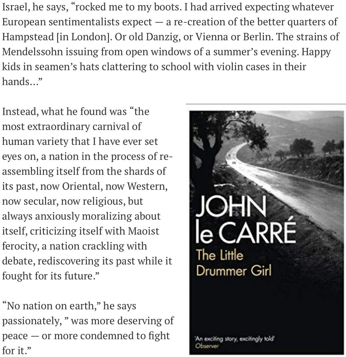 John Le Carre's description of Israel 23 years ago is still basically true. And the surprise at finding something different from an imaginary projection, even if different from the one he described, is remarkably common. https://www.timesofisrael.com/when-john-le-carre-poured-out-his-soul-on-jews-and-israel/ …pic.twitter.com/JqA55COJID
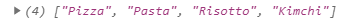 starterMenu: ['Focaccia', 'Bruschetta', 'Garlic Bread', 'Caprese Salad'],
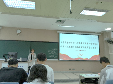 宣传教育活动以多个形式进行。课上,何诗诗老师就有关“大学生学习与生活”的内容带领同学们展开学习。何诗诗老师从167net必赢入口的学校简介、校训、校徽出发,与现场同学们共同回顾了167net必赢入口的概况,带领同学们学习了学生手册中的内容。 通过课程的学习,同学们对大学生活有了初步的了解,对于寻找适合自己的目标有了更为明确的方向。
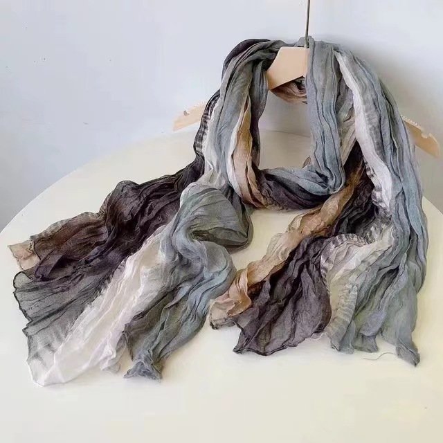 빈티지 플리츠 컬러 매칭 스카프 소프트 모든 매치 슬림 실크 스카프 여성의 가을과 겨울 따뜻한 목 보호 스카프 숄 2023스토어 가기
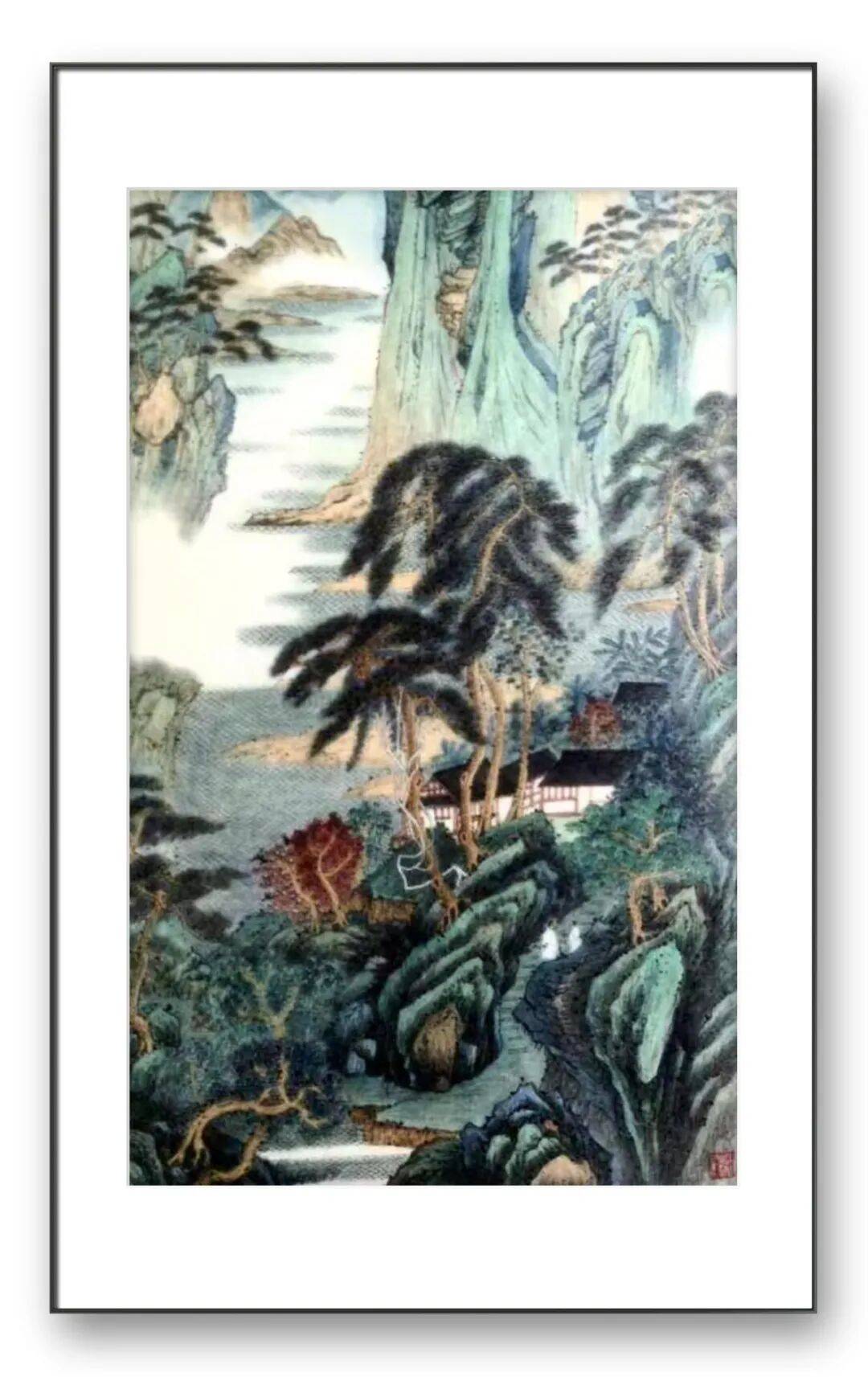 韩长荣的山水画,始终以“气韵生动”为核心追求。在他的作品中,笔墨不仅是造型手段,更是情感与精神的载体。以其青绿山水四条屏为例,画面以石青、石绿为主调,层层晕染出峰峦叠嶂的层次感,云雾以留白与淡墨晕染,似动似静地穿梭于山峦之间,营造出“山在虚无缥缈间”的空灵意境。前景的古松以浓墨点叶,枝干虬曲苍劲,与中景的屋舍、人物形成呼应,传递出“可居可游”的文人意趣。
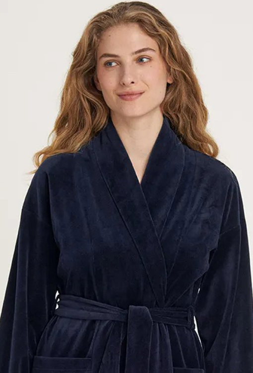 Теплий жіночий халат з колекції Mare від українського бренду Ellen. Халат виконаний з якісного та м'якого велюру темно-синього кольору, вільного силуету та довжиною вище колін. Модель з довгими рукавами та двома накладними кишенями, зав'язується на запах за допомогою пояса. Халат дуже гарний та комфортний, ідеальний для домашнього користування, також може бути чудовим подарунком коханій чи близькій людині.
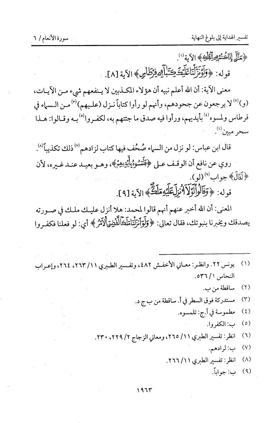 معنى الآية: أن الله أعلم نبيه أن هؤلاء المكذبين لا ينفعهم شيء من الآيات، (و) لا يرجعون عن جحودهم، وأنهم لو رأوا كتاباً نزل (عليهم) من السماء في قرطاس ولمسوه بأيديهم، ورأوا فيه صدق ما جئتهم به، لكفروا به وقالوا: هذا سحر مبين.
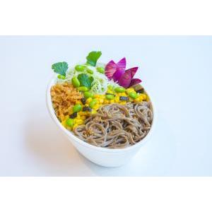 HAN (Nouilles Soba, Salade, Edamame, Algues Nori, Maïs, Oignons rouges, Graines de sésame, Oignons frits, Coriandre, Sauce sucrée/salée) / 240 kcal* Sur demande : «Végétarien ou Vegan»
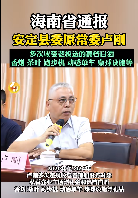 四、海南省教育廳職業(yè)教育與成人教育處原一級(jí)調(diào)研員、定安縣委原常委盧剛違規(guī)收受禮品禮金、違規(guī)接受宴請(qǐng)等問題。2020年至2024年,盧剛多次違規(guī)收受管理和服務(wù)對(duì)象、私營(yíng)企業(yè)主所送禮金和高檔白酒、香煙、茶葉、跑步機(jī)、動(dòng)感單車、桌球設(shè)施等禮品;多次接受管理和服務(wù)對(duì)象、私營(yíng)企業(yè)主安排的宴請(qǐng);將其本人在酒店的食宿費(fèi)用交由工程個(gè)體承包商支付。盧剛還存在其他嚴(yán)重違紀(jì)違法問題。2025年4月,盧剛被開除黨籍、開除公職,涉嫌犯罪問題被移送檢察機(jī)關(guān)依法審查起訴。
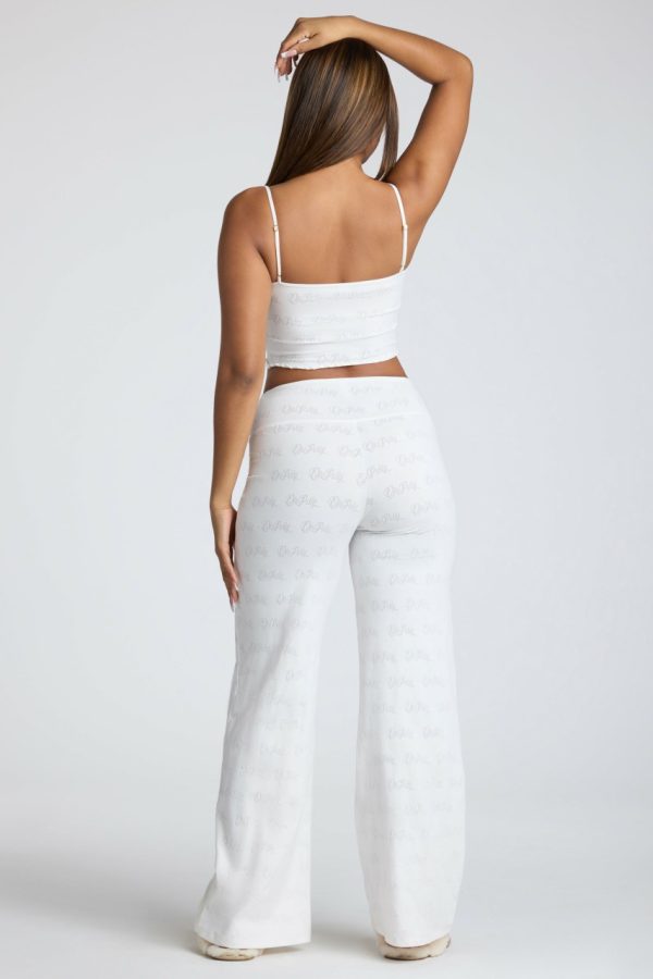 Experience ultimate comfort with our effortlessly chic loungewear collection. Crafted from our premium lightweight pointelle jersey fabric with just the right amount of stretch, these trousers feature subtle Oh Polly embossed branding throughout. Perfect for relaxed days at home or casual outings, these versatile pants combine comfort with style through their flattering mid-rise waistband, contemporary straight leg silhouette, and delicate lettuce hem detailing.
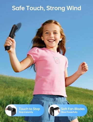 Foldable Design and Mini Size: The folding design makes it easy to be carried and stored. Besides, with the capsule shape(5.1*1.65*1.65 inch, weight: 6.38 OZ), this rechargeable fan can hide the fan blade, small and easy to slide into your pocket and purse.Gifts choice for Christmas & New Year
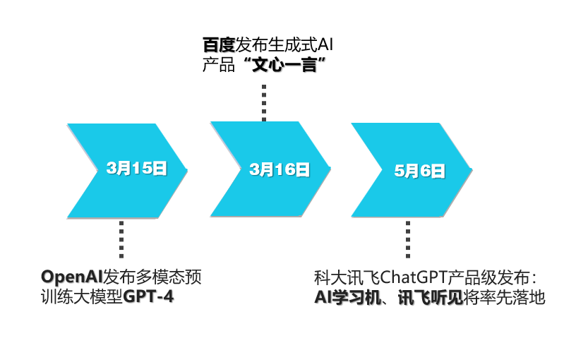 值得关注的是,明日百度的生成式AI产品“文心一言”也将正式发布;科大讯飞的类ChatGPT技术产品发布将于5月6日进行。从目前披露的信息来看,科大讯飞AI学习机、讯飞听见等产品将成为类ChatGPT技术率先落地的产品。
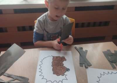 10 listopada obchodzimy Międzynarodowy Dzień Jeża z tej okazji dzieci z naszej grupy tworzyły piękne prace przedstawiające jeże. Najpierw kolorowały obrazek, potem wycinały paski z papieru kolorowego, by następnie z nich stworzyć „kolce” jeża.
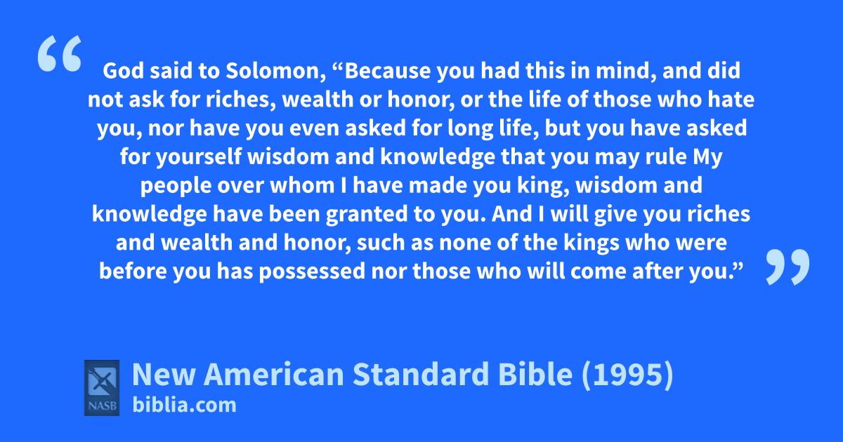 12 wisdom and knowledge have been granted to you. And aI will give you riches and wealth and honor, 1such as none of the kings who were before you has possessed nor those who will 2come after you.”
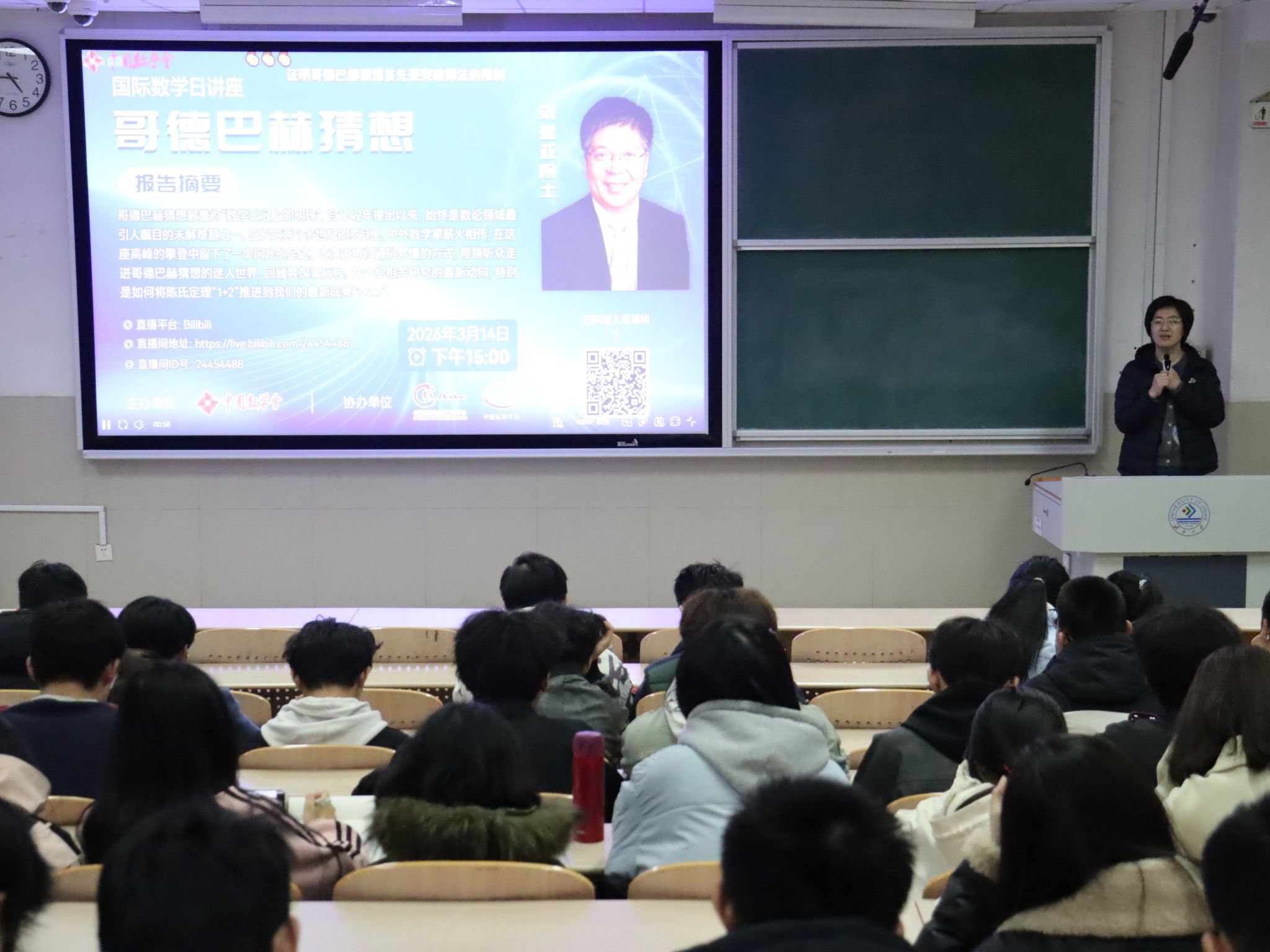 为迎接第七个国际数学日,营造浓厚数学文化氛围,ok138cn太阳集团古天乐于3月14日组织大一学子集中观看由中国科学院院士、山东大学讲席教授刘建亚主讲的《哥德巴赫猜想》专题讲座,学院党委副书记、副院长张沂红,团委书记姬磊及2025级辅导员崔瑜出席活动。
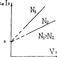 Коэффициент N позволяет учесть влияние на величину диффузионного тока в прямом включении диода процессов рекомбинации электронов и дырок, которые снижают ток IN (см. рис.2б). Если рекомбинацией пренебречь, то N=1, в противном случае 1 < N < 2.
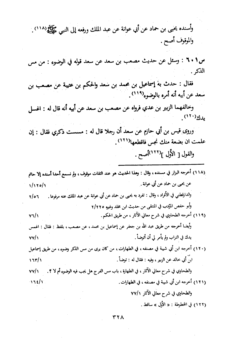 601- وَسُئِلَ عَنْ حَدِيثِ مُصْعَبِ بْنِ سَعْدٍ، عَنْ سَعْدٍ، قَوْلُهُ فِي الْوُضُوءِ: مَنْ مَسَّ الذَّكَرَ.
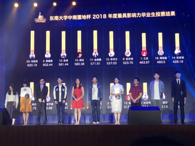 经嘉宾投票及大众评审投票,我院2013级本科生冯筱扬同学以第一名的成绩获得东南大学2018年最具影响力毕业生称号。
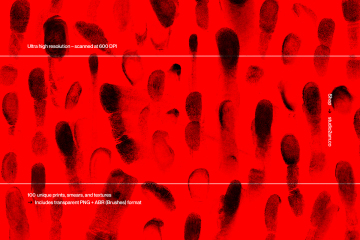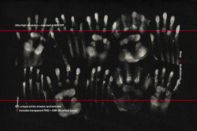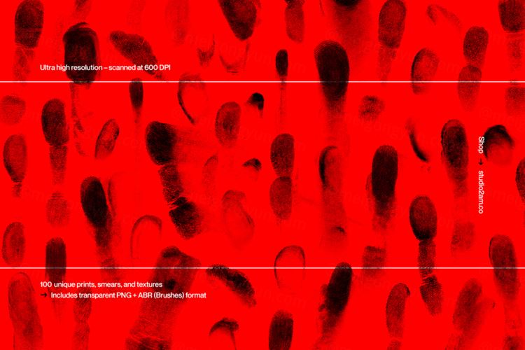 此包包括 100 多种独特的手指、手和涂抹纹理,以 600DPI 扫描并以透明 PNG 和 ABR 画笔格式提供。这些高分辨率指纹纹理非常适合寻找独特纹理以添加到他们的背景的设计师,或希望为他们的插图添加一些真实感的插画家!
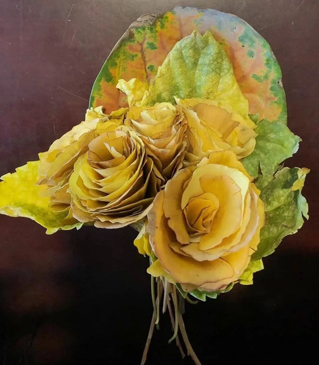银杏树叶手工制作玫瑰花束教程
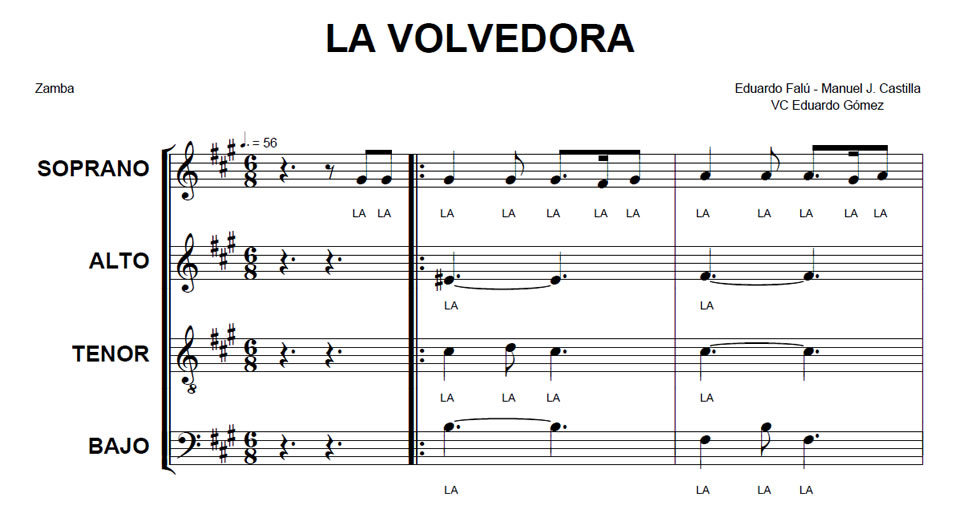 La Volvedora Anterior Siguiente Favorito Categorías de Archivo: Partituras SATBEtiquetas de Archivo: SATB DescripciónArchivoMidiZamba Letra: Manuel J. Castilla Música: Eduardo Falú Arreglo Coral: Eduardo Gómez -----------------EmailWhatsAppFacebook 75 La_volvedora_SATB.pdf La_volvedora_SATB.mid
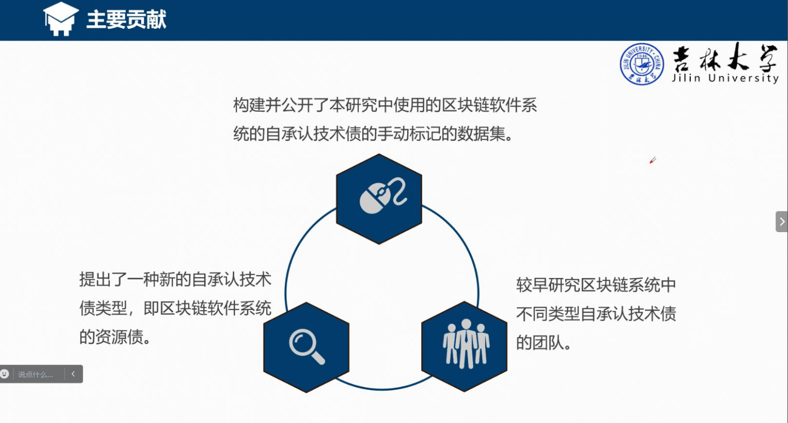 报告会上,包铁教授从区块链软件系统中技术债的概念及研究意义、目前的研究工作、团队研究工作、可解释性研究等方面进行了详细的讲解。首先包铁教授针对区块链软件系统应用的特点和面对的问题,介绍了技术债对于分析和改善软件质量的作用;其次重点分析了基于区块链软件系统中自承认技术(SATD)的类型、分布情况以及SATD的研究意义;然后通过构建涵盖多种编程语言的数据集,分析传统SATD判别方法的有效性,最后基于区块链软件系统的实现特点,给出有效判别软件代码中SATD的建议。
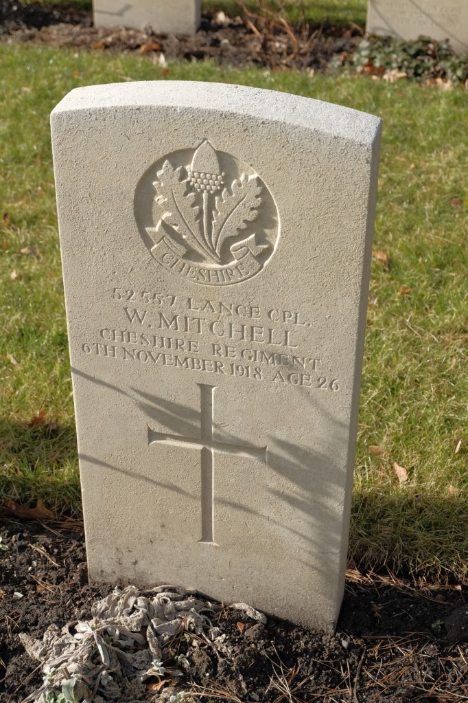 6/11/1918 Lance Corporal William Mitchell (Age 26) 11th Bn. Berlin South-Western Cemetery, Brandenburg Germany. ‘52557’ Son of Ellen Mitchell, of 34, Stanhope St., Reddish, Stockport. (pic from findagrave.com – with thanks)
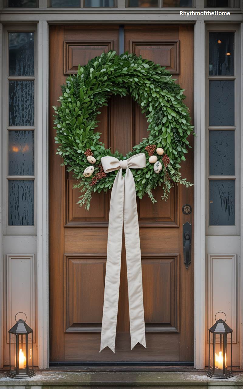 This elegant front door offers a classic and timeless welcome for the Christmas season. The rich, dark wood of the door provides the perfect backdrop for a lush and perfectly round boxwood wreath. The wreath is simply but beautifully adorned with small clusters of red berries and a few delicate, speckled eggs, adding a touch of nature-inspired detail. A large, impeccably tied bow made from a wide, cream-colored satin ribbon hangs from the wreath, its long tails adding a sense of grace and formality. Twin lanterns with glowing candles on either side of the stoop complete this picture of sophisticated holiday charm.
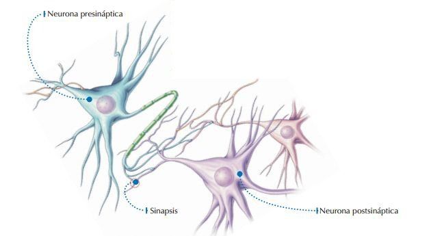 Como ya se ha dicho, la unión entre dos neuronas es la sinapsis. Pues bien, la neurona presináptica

▶ _Exercise aim_: Go through the data above and print exactly the lines from its first line through the line holding "宣传教育活动以多个形式进行。", both included, leaving pictures aside.

▶ _Solution to this exercise_:
 John Le Carre's description of Israel 23 years ago is still basically true. And the surprise at finding something different from an imaginary projection, even if different from the one he described, is remarkably common. https://www.timesofisrael.com/when-john-le-carre-poured-out-his-soul-on-jews-and-israel/ …pic.twitter.com/JqA55COJID
 starterMenu: ['Focaccia', 'Bruschetta', 'Garlic Bread', 'Caprese Salad'],
 宣传教育活动以多个形式进行。课上,何诗诗老师就有关“大学生学习与生活”的内容带领同学们展开学习。何诗诗老师从167net必赢入口的学校简介、校训、校徽出发,与现场同学们共同回顾了167net必赢入口的概况,带领同学们学习了学生手册中的内容。 通过课程的学习,同学们对大学生活有了初步的了解,对于寻找适合自己的目标有了更为明确的方向。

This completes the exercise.